Leia a entrevista completa:
Brasil de Fato – Lara, pode explicar o que é a Global Sumud Flotilla?
Lara Souza – A GSF é uma missão bem recente, preparada em tempo recorde. Depois da visibilidade da flotilha do Madleen e do Handala, da Flotilha da Liberdade, surgiu essa iniciativa. Em paralelo também foi feita a Marcha Global para Gaza, na mesma semana do Madeleen. Tinham mais de 4 mil pessoas de vários países caminhando para Gaza para tentar furar o bloqueio. A partir disso, veio essa percepção de que a gente precisa fazer algo maior, em unidade.
Assim nasceu a Global Sumud Flotilla. A tentativa de furar o bloqueio via mar era uma tentativa melhor, mais estruturada, com mais chance de sucesso. O pessoal da Global March, que depois virou o Global Movement, se juntou à Global Sumud dessa união de forças. Assim foi construída, em tempo recorde, uma missão gigante planejada em 2 meses. Com muita dedicação, energia e força de todo mundo. A gente teve mais de 28 mil inscrições de pessoas disponíveis para viajar no barco ou para ficar no suporte em terra.
Qual a diferença entre a Global Sumud Flotilla e a Coalizão Flotilha da Liberdade? A primeira é uma continuação da segunda? Considerando que foi fundada em julho de 2025, enquanto a Flotilha da Liberdade é de 2010.
É uma continuação, e tem pessoas que fazem parte das duas iniciativas. Por exemplo, o Thiago [Ávila] é parte da Freedom Flotilla e da Global Sumud, assim como Yasmin, que é uma militante turca alemã que foi solta hoje [nesta segunda-feira, 6 de outubro]. É uma iniciativa para somar forças. Tem uma iniciativa agora da Freedom Flotilla que está com uma missão agora rumo à Gaza, chamada de Thousand Madleens [Mil Madeleines], no barco Conscience, que havia sido bombardeado por Israel em maio deste ano [em Malta, quando se preparava para sair rumo à Gaza].
É uma tentativa de ampliar o movimento.

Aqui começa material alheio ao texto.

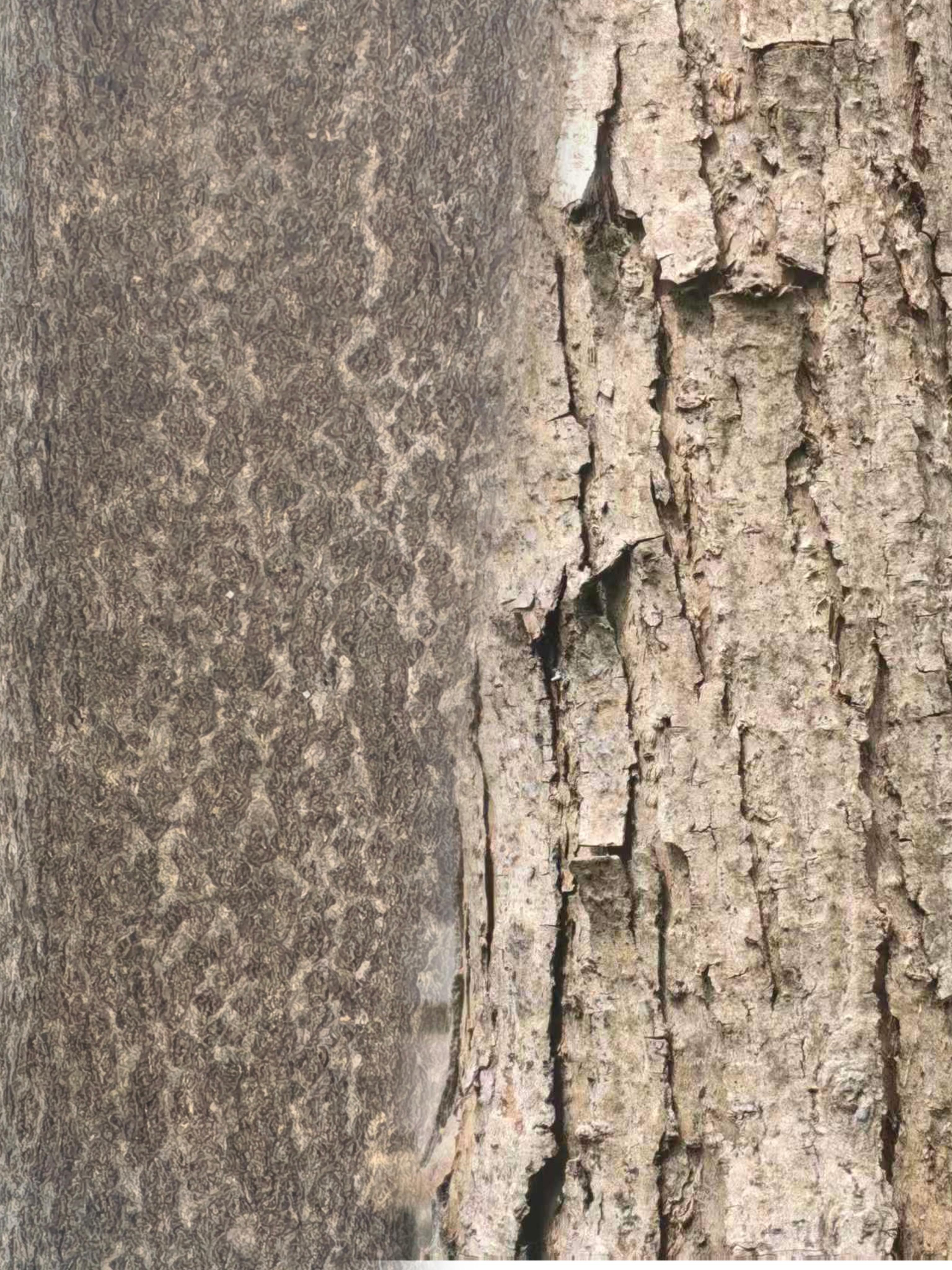 摸树干:手感纹理差异明显。若叶片看不清楚,还可以触摸树干。臭椿树皮相对平滑,带有竖直纹路;而香椿树皮则有清晰的片层感,呈条状裂纹。

Vem da ideia de fazer ondas de navegação, Global Sumud é uma primeira onda, Thousand Madleens é uma segunda onda, logo tem que haver uma terceira. Se a gente tiver o tempo todo barcos saindo, eles não conseguem parar a gente.
Como você se envolveu e se tornou coordenadora da delegação brasileira?
Eu entrei como coordenadora da nossa pasta de recrutamento e de lidar com as pessoas, de aproximação. Aí a gente tinha o Lucas [Gusmão], coordenador da delegação brasileira, mas ele ia embarcar. Quando ele decidiu embarcar, ele me pediu pra assumir o lugar dele. Uma semana antes do embarque eu assumi a coordenação da delegação, substituindo o Lucas que embarcou e que hoje está detido ilegalmente [ele e o restante da delegação brasileira foram libertados na manhã desta terça-feira]. A minha trajetória é essa. Desde então, desde a semana que eles embarcaram em Barcelona, eu assumi a coordenação brasileira e a gente tem feito todo o suporte em terra.
Como tem sido feito o recrutamento?
A nossa lista de recrutamento está fechada desde agosto. Por que a gente não conseguiria planejar a missão enquanto faz novos recrutamentos. Então no momento que chegou a semana do treinamento, fechamos as inscrições momentaneamente, porque a gente não conseguiria receber novas pessoas. É um trabalho árduo, envolve fazer entrevistas, envolve conversar com elas, conhecê-las. É uma missão de risco altíssimo.
As pessoas precisam ter clareza do que é a missão e a gente também tem que ter muita confiança. Porque é uma missão que pode atrair infiltrados. Por isso a gente fechou as novas inscrições em agosto. Precisávamos acompanhar a missão, que também é um trabalho árduo. É garantir que todo mundo tá bem, acompanhar as pessoas, o rastreamento do barco. São tarefas custosas, né?
Falando em custos, como é levantado o recurso para as missões?
É todo mundo voluntário. A gente precisou levantar muita doação, doação de sindicatos. Via Brasil a gente não conseguiu fornecer nenhum barco. Foram majoritariamente barcos de países europeus, da Malásia e da Tunísia. A gente não conseguiu levantar dinheiro suficiente para fornecer barcos. É muito dinheiro para conseguir os barcos, as câmeras, garantir o mínimo.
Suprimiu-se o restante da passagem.